--- EXERCISE DATA ---
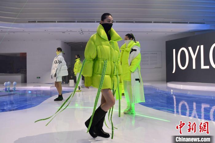 本屆青島時(shí)裝周采用“線(xiàn)上+線(xiàn)下”的方式共組織40場(chǎng)發(fā)布秀。 王海濱 攝
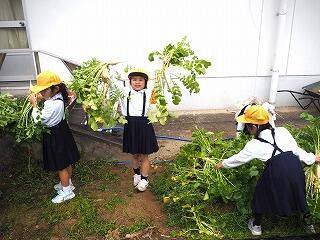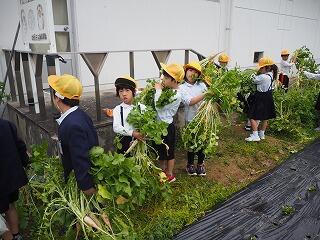 1年生が種まきや水やりをして、大根を育てました。
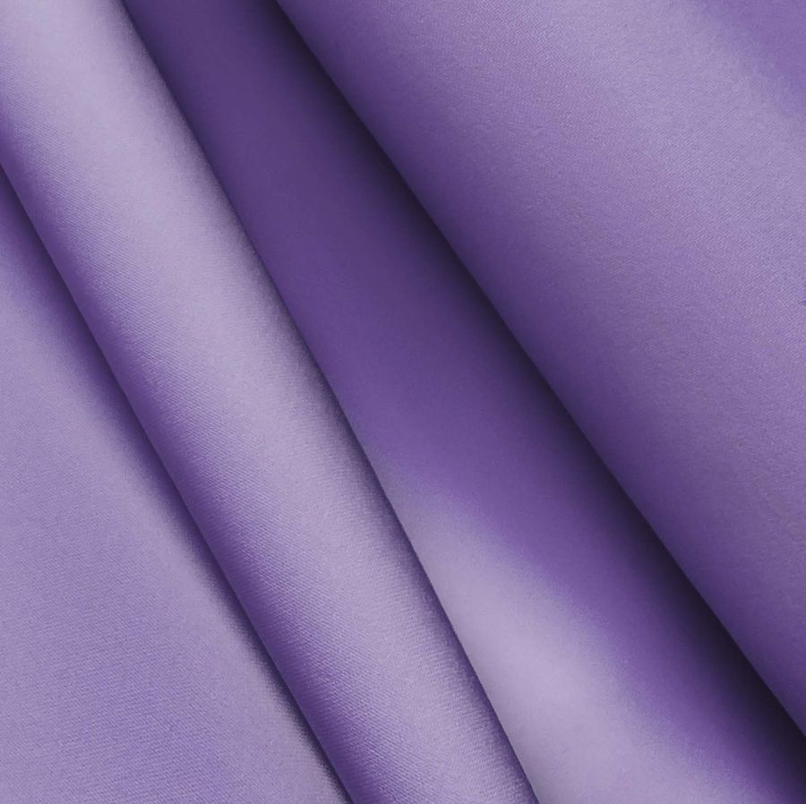 La tela base es el Poliéster Reciclado Deportivo - Basic, compuesta por 93% poliéster y 7% elastómero, con un gramaje de 145 gr/m2 y una anchura de 145 cm. El color liso impreso en esta tela es un tono Morado Lirio, con una combinación de tinta CMYK de 59 en cyan, 63 en magenta, 7 en yellow y 0 en black. Este color secundario evoca ternura y suavidad, pero también energía y vitalidad al mismo tiempo. Se combina especialmente bien con tonos grises, blancos o rosados, lo que lo convierte en una opción versátil para cualquier estilo de prenda.
---
### ACTION ITEM
Only the pictures are to be left out; restate everything else in the listing word for word.

### EXERCISE SOLUTION
 本屆青島時(shí)裝周采用“線(xiàn)上+線(xiàn)下”的方式共組織40場(chǎng)發(fā)布秀。 王海濱 攝
 1年生が種まきや水やりをして、大根を育てました。
 La tela base es el Poliéster Reciclado Deportivo - Basic, compuesta por 93% poliéster y 7% elastómero, con un gramaje de 145 gr/m2 y una anchura de 145 cm. El color liso impreso en esta tela es un tono Morado Lirio, con una combinación de tinta CMYK de 59 en cyan, 63 en magenta, 7 en yellow y 0 en black. Este color secundario evoca ternura y suavidad, pero también energía y vitalidad al mismo tiempo. Se combina especialmente bien con tonos grises, blancos o rosados, lo que lo convierte en una opción versátil para cualquier estilo de prenda.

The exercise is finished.